Dataset:
•••

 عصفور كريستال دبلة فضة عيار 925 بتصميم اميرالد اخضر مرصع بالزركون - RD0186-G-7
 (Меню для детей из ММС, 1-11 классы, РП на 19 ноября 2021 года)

•••

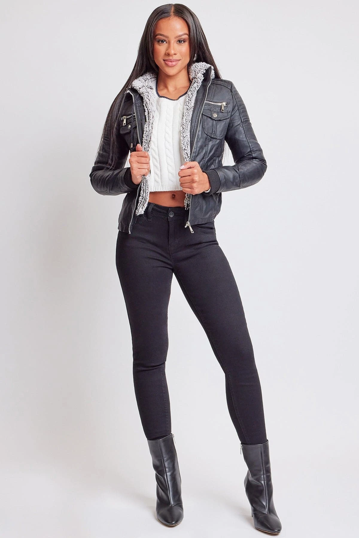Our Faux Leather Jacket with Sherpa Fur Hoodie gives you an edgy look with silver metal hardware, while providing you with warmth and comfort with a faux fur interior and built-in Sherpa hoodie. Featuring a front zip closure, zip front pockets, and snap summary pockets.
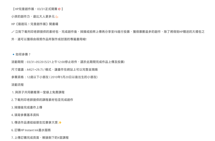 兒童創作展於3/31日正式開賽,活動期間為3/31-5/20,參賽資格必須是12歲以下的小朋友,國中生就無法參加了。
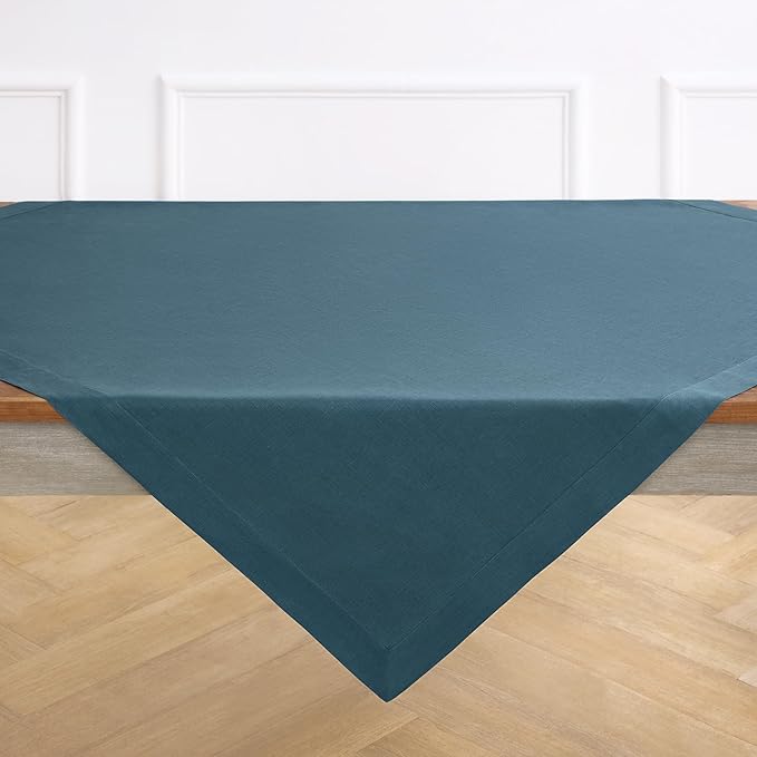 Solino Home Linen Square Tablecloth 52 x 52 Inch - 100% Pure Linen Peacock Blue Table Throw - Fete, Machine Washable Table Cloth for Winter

•••

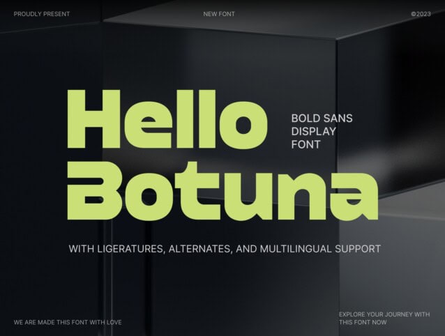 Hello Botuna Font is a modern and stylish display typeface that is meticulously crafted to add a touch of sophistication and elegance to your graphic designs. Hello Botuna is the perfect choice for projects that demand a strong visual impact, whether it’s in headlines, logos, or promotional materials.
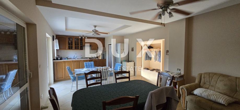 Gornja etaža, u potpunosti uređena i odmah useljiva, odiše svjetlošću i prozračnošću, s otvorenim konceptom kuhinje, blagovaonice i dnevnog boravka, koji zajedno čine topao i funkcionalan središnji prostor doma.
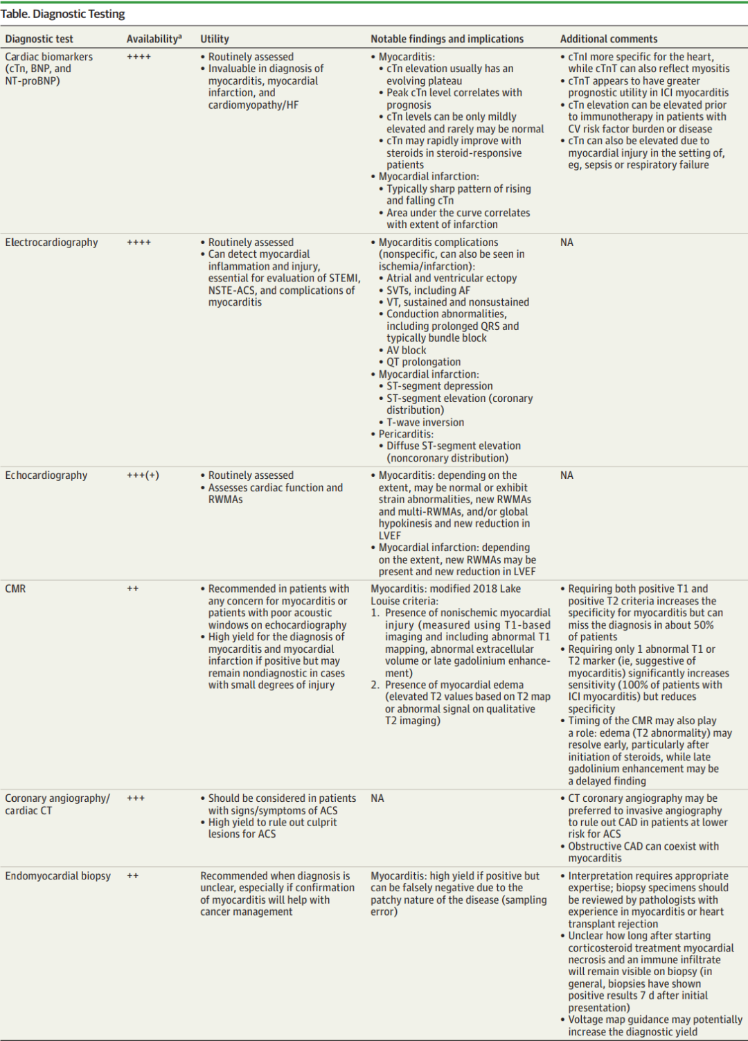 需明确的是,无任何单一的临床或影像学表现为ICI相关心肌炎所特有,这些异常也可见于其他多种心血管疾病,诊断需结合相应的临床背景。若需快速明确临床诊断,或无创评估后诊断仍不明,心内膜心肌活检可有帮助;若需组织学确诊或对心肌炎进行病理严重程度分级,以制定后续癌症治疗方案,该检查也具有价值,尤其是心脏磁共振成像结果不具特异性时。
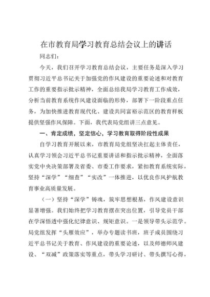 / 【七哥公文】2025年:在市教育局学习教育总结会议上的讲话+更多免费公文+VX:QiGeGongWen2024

•••

Task brief: Reproduce word for word the material above, starting with the line that has "عصفور كريستال دبلة" and stopping after the line that has "(Меню для детей".

Written answer:
 عصفور كريستال دبلة فضة عيار 925 بتصميم اميرالد اخضر مرصع بالزركون - RD0186-G-7
 (Меню для детей из ММС, 1-11 классы, РП на 19 ноября 2021 года)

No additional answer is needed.